## Supplied information
——————
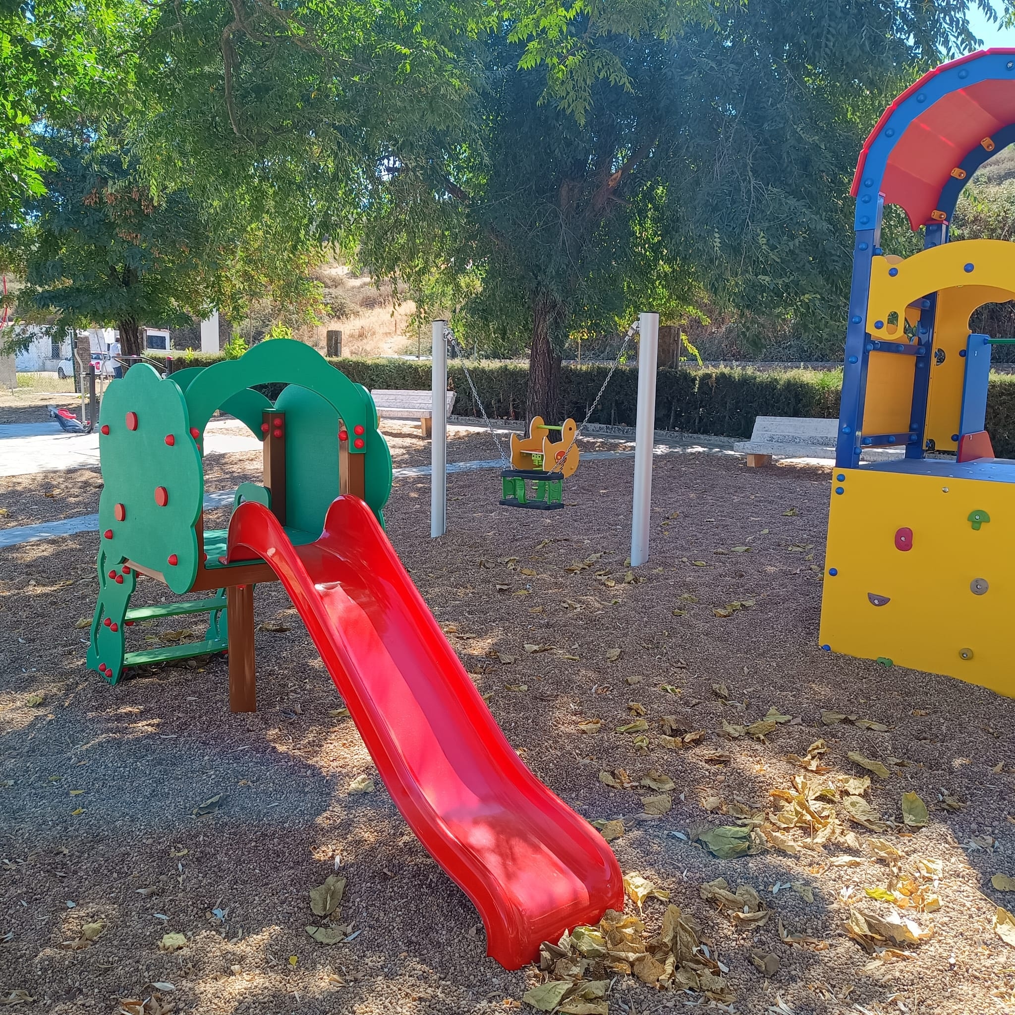 Sustitución de columpios e instalación completa de una zona de juegos infantiles renovada.
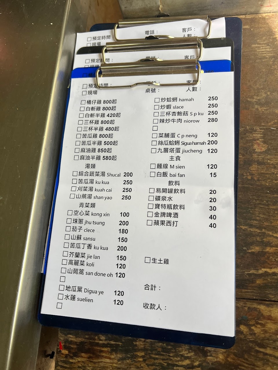 雞肉有桶仔雞、白斬雞、三杯雞、苦瓜雞、麻油雞。 青菜有刈菜、茄子、山蘇、苦瓜、芥藍、高麗菜、地瓜葉、韭菜、龍鬚菜、水蓮、空心菜、山茼蒿。 桶仔雞需要時間較久,建議40分鐘先預訂。
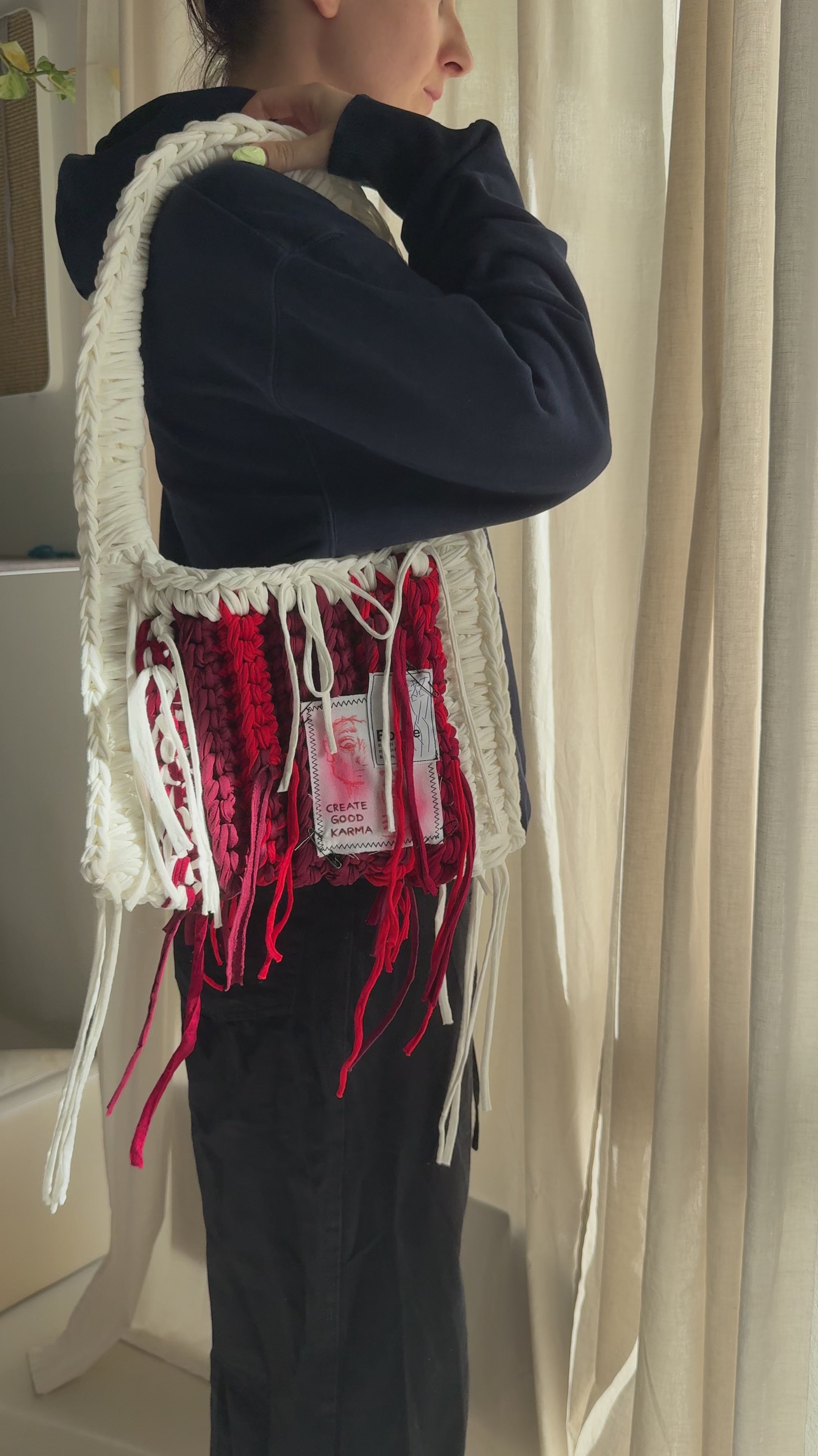 Gefertigt aus recyceltem T-Shirt-Garn, vereint sie Nachhaltigkeit mit kreativem Design.
——————
## Work task
Go through the material and set it down again exactly, but without any pictures.

## Exercise solution
 Sustitución de columpios e instalación completa de una zona de juegos infantiles renovada.
 雞肉有桶仔雞、白斬雞、三杯雞、苦瓜雞、麻油雞。 青菜有刈菜、茄子、山蘇、苦瓜、芥藍、高麗菜、地瓜葉、韭菜、龍鬚菜、水蓮、空心菜、山茼蒿。 桶仔雞需要時間較久,建議40分鐘先預訂。
 Gefertigt aus recyceltem T-Shirt-Garn, vereint sie Nachhaltigkeit mit kreativem Design.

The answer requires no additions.